"""

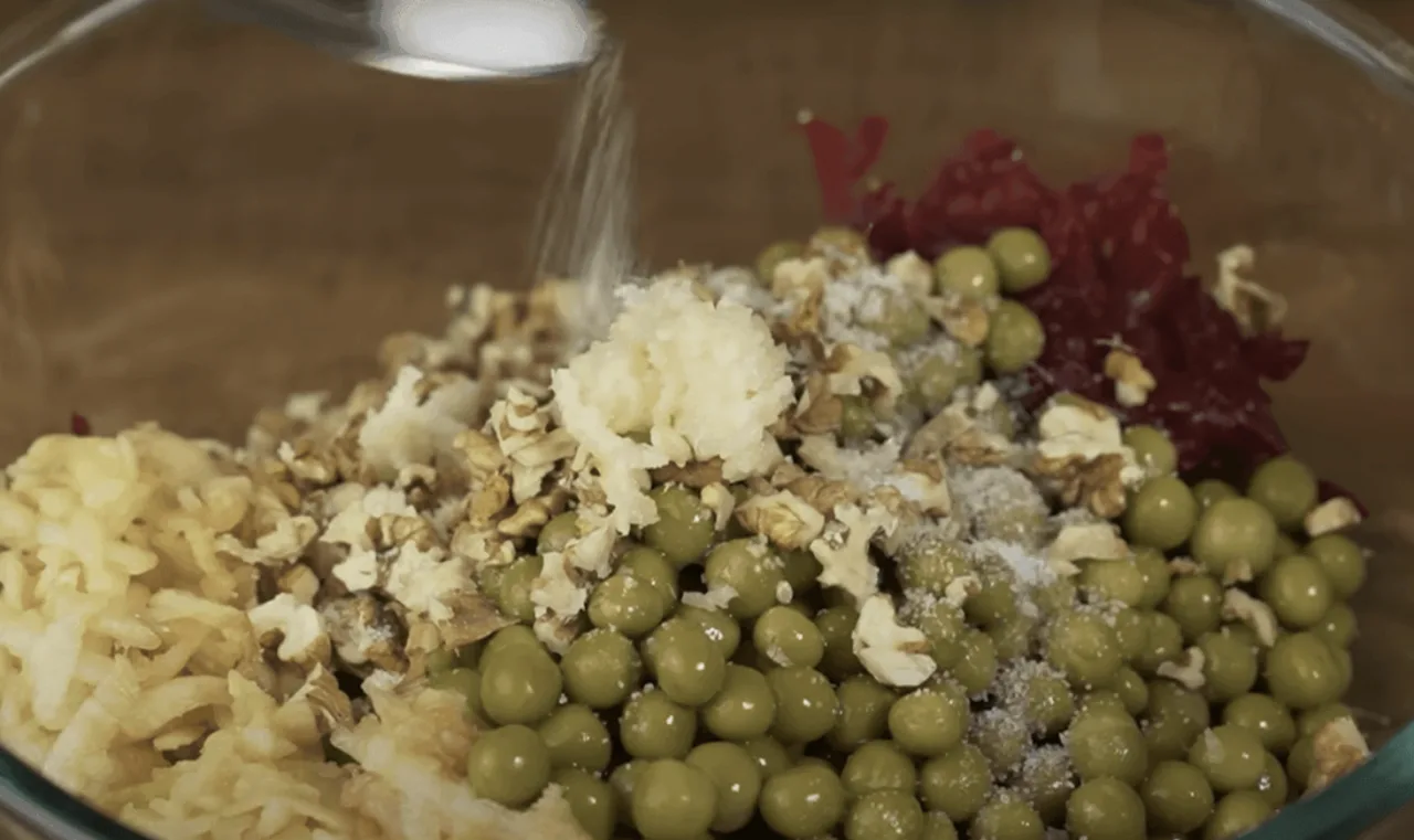Також з горошку зливаємо рідину і додаємо до решти інгредієнтів. Пропускаємо через прес часник.
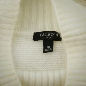 Talbots Plus Size 3X White Tan Sequin Strippe Mock Neck Turtleneck Long Sleeve Wool Blend Knit Pullover Sweater
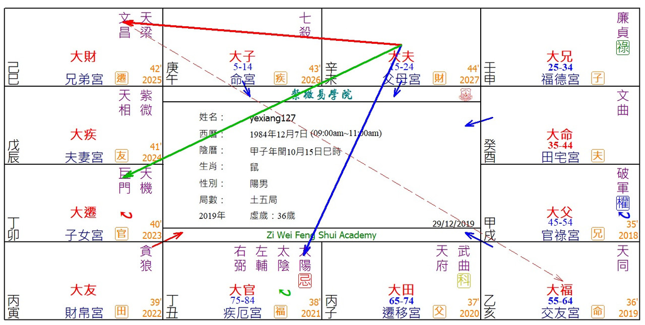 阁下现在虚年31岁,大限官禄(26-35岁的事业状态)位于子,重叠本命福德宫,有一个流出忌,见廉贞星,可是却化禄权去本命的田宅三合位,表示阁下这10年的事业压力大、可是业务增长、工作量增加之类的,应在2016、2017、2018、2020、2021。 基于阁下大限财落在辰,重叠迁移,有一个贪狼自化禄,表示这10年的财属于”远外得财“,例如离乡背井、跑动、外勤等,意思是说如果阁下在外面跑动越频密,赚钱的能力就越多,然后化权入交友,化忌入田宅宫冲子女,没有看到阁下的财有大破。
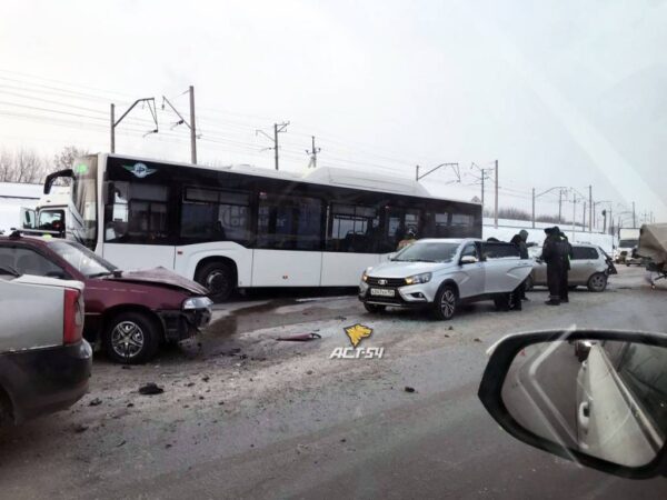 – На улице Первомайской участники аварии стали бортовая ГАЗель, компактный автомобиль Mazda Demio, седаны Renault Logan, и Daewoo Nexia, универсал LADA Vesta, микроавтобус и контейнеровоз, который съехал с дороги и стал виновником аварии, – говорится в сообщении в паблике АСТ-54.
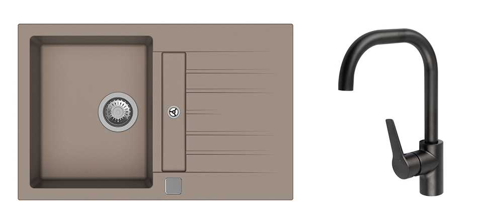 K-StrongSinks S3 Set drez Vardar 780x500mm granit béžová + Bat. Garonne čierna
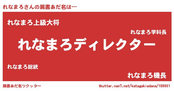 | 男性向けラノベタイトル風あだ名 | 『はたらくれなまろさま!』 |
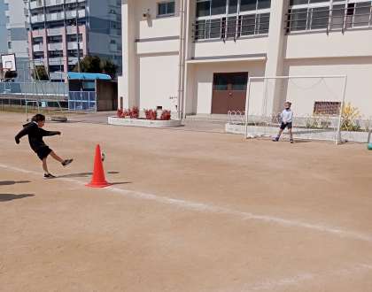 サッカーをしています。ゴールに向かって力強くシュートしていました。
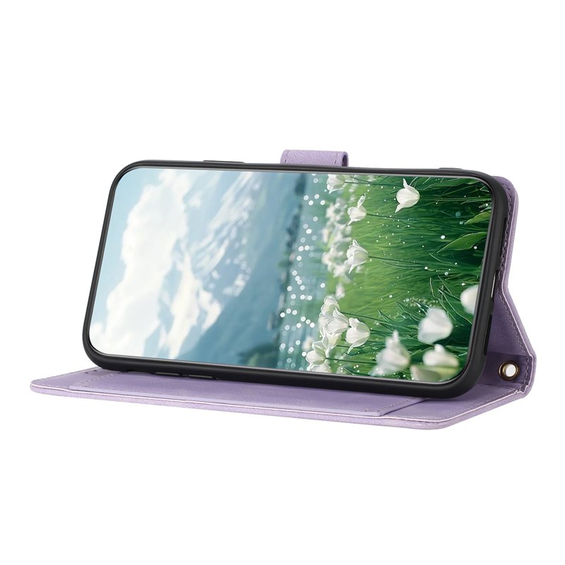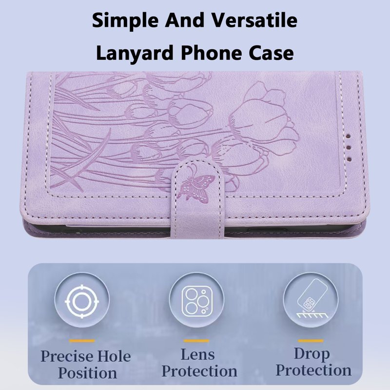 Detta mobilfodral kombinerar stil och funktionalitet. Med plats för kort och kontanter håller det dina viktigaste tillhörigheter organiserade. Det är tillverkat av slitstarkt PU-läder och TPU, vilket ger utmärkt skydd mot stötar. Fodralet har även en inbyggd ställfunktion för bekväm visning av videor. Det eleganta tulpanmönstret ger en sofistikerad touch.
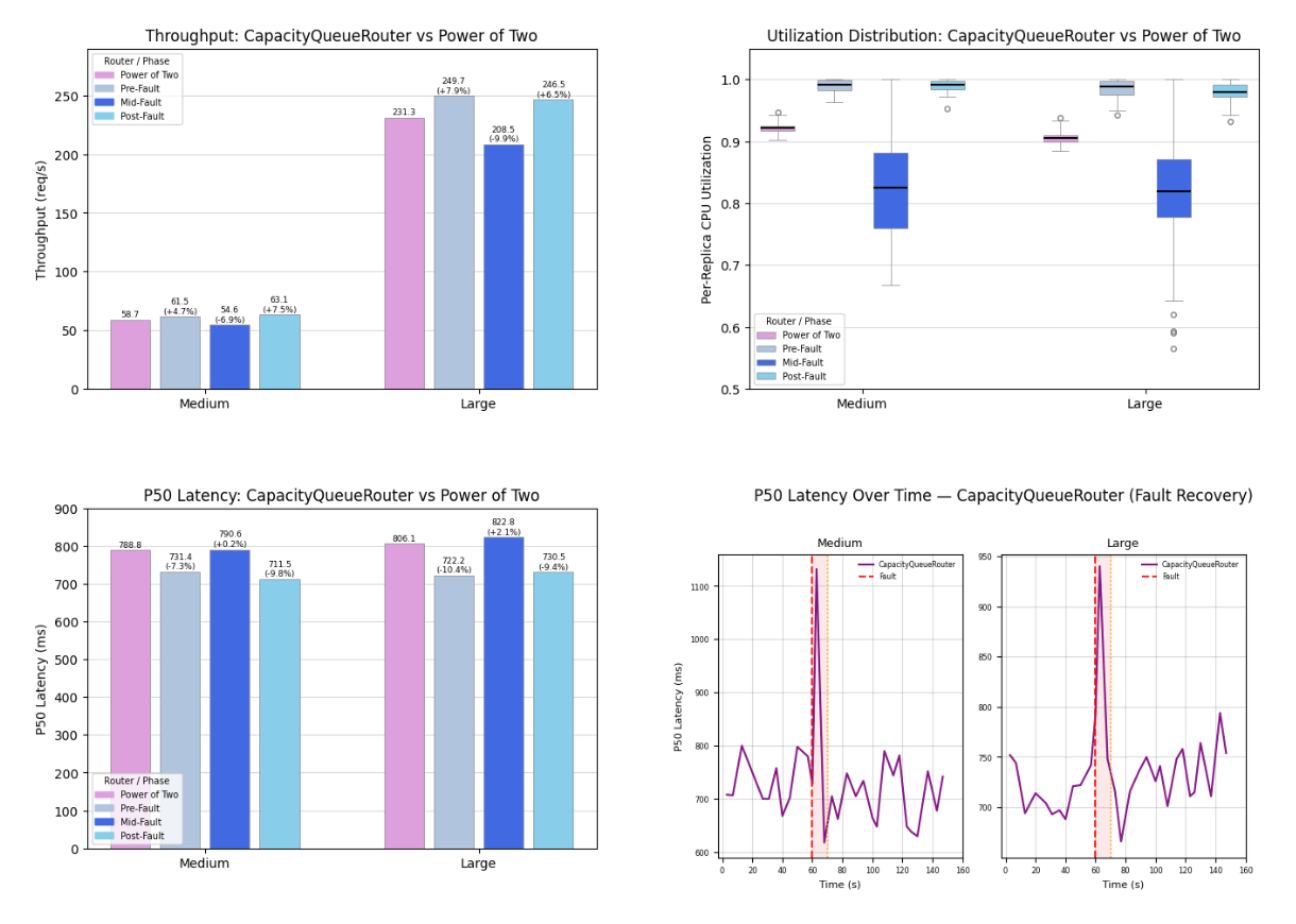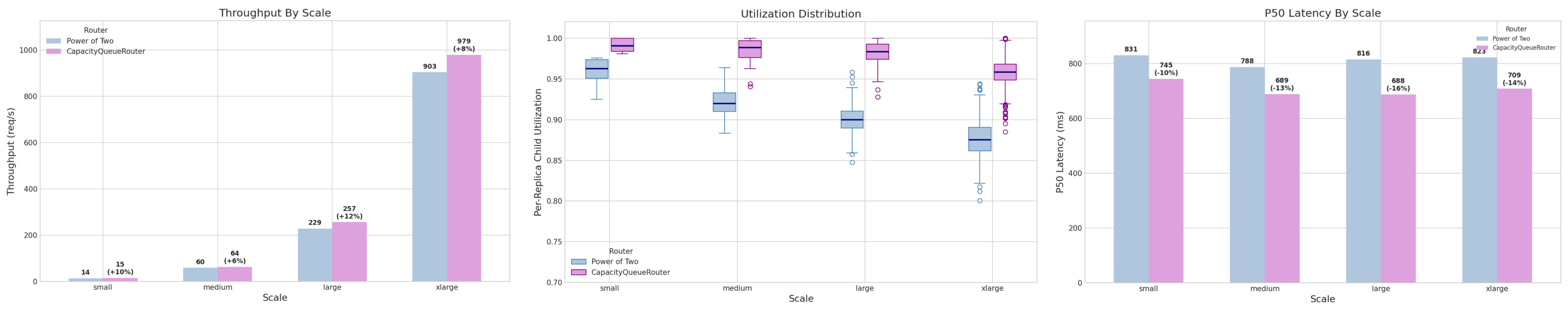 Under normal (success) situations, CapacityQueueRouter yields higher throughput and utilization and lower latency.
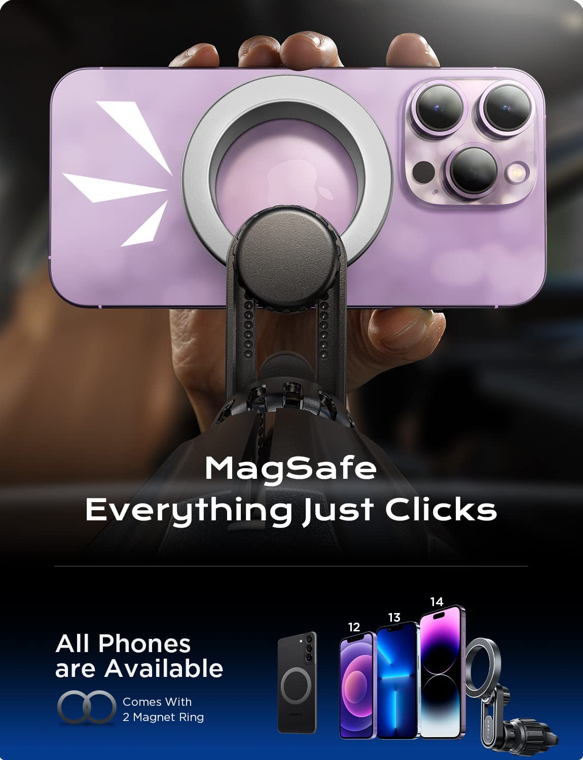 ?Directly with iPhone 14/13/12/mini/pro max Car Accessories, Won’t Block Wireless Charging, for magsafe case car holder without additional magnet metal plate. Just get close and automatically snap to the magnetic air vent car mount for iPhone fits magsafe, enjoy Hands-free keeping your phone firmly! Work for All Android Phones: We provide extra 2 metal rings, fits other iPhone case and Android phones without magsafe
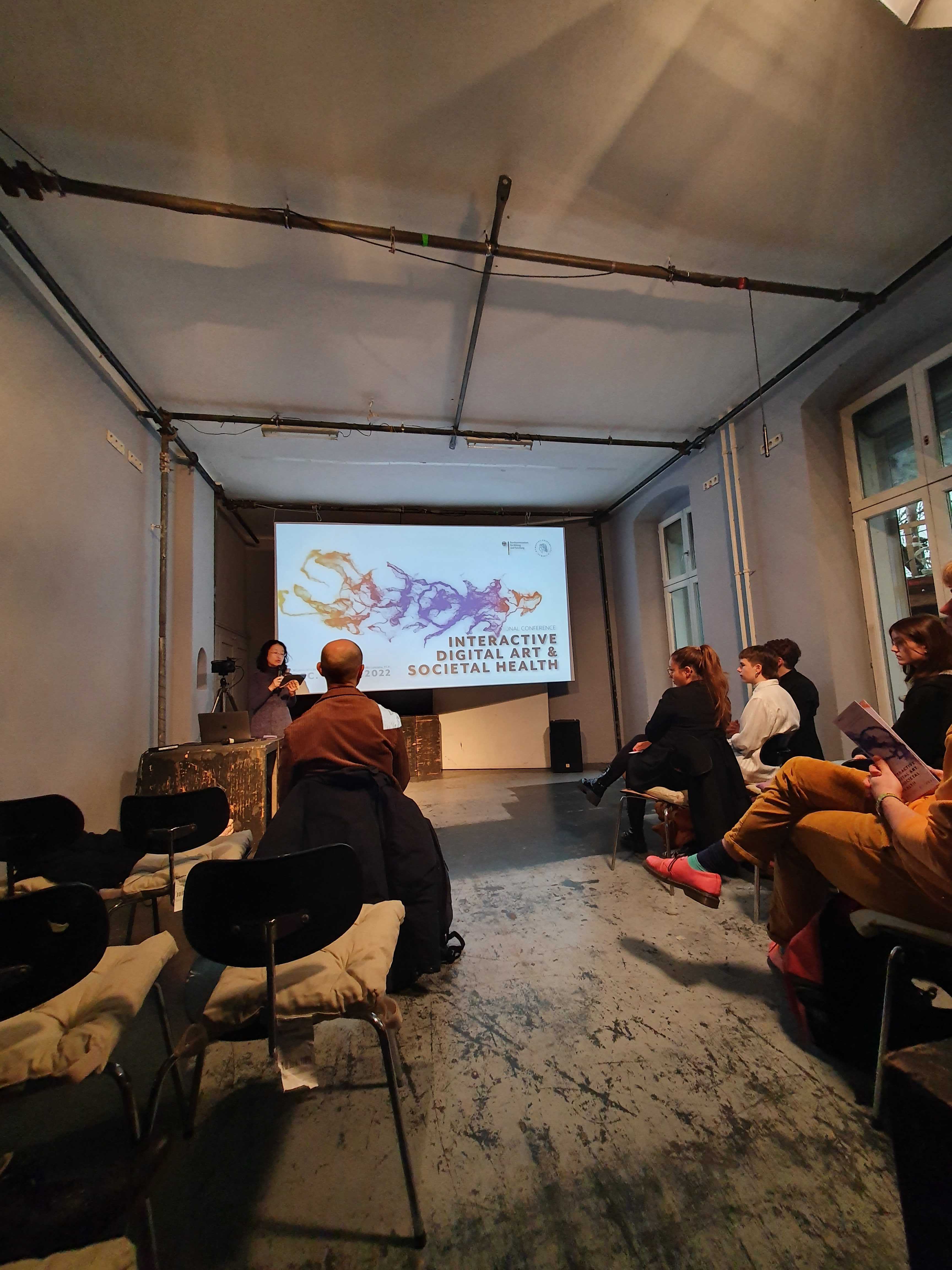I was invited as a speaker at the conference Interactive Digital Art and Societal Health, which took place in Berlin between the 2nd and 3rd of December, 2022. The series of talks and demos gathered at this event focused on discussing what roles interactive digital art could play in societal health, including the needs of individuals, communities and populations. I presented my work as a soma designer, including an introduction to our field and the intersections between our somatic methods in interaction design and artistic practice. I introduced Pulsante as a case study of how an installation designed as an educational piece became a space for respite amidst conflict and social chaos.
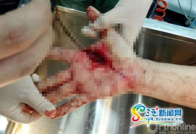 据悉,事发当天下午5点多,李医生在三亚市人民医院手术室内接受了缝合治疗。因及时用手握住刺向胸口的刀刃,险遭不测的李医生右手受了重伤,伤口长约10公分,从右手掌内侧拇指和食指连接处斜着延伸到手腕。
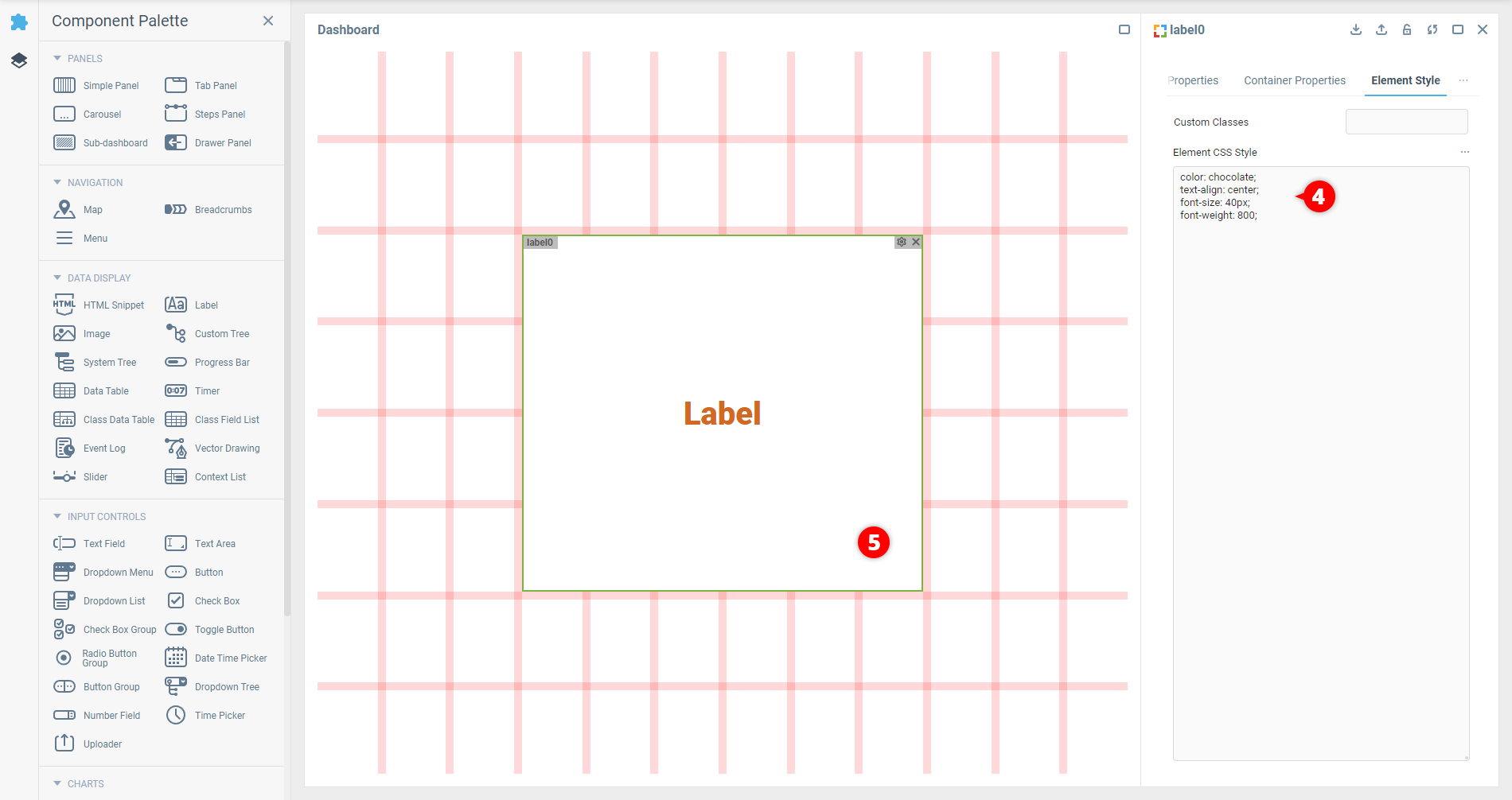 Группа свойствElement Стиль относится к самому компоненту. Для любого компонента она позволяет объявить Пользовательские классы компонента и добавить пользовательский CSS в свойство Element CSS Стиль. Некоторые компоненты, например Панели, имеют больше свойств в этой группе, связанных с их спецификой.
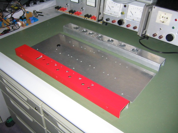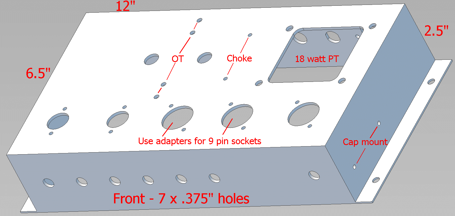 Naturalmente è solo un esempio di come aggiungere il front ed il rear, la disposizione delle valvole, nel tuo caso, la farei sul Top (la piastra in ferro), vedi le misure di questo chassis che sono quasi identiche a quelle della piastra in ferro che hai (1" = 2.54cm circa), nelle immagini, però, i fori per le valvole sono più grandi di quelli che servono a te in quanto il 7 Cylinder usa tutte valvole a 7 pin e non ad 8 e 9 pin, di conseguenza i fori basta farli più piccoli (non ricordo a memoria di che misura vanno fatti i fori, ma se serve posso recuperarla facilmente), se il tuo TA è per montaggio verticale sei anche esentato da dover fare il grosso foro quadrato per montarlo sul telaio
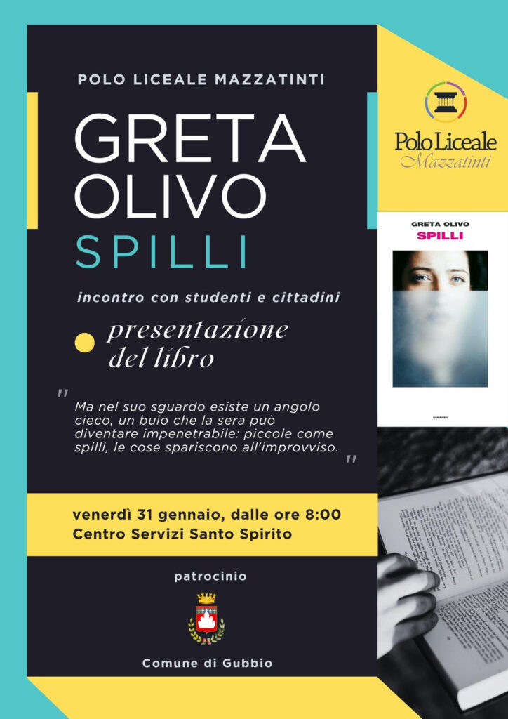 Venerdì 31 Gennaio 2025 il Caffè Letterario del Polo Liceale Mazzatinti, con il patrocinio del Comune di Gubbio, ospiterà presso il Centro Servizi Santo Spirito la scrittrice emergente Greta Olivo, autrice del romanzo Spilli edito da Einaudi.

"""

TASK OBJECTIVE |
Restate word for word every line from the top of the entries above to the line with "サッカーをしています。ゴールに向かって力強くシュートしていました。", inclusive, and skip any pictures.

RESULT |
Також з горошку зливаємо рідину і додаємо до решти інгредієнтів. Пропускаємо через прес часник.
 Talbots Plus Size 3X White Tan Sequin Strippe Mock Neck Turtleneck Long Sleeve Wool Blend Knit Pullover Sweater
 阁下现在虚年31岁,大限官禄(26-35岁的事业状态)位于子,重叠本命福德宫,有一个流出忌,见廉贞星,可是却化禄权去本命的田宅三合位,表示阁下这10年的事业压力大、可是业务增长、工作量增加之类的,应在2016、2017、2018、2020、2021。 基于阁下大限财落在辰,重叠迁移,有一个贪狼自化禄,表示这10年的财属于”远外得财“,例如离乡背井、跑动、外勤等,意思是说如果阁下在外面跑动越频密,赚钱的能力就越多,然后化权入交友,化忌入田宅宫冲子女,没有看到阁下的财有大破。
 – На улице Первомайской участники аварии стали бортовая ГАЗель, компактный автомобиль Mazda Demio, седаны Renault Logan, и Daewoo Nexia, универсал LADA Vesta, микроавтобус и контейнеровоз, который съехал с дороги и стал виновником аварии, – говорится в сообщении в паблике АСТ-54.
 K-StrongSinks S3 Set drez Vardar 780x500mm granit béžová + Bat. Garonne čierna
 | 男性向けラノベタイトル風あだ名 | 『はたらくれなまろさま!』 |
 サッカーをしています。ゴールに向かって力強くシュートしていました。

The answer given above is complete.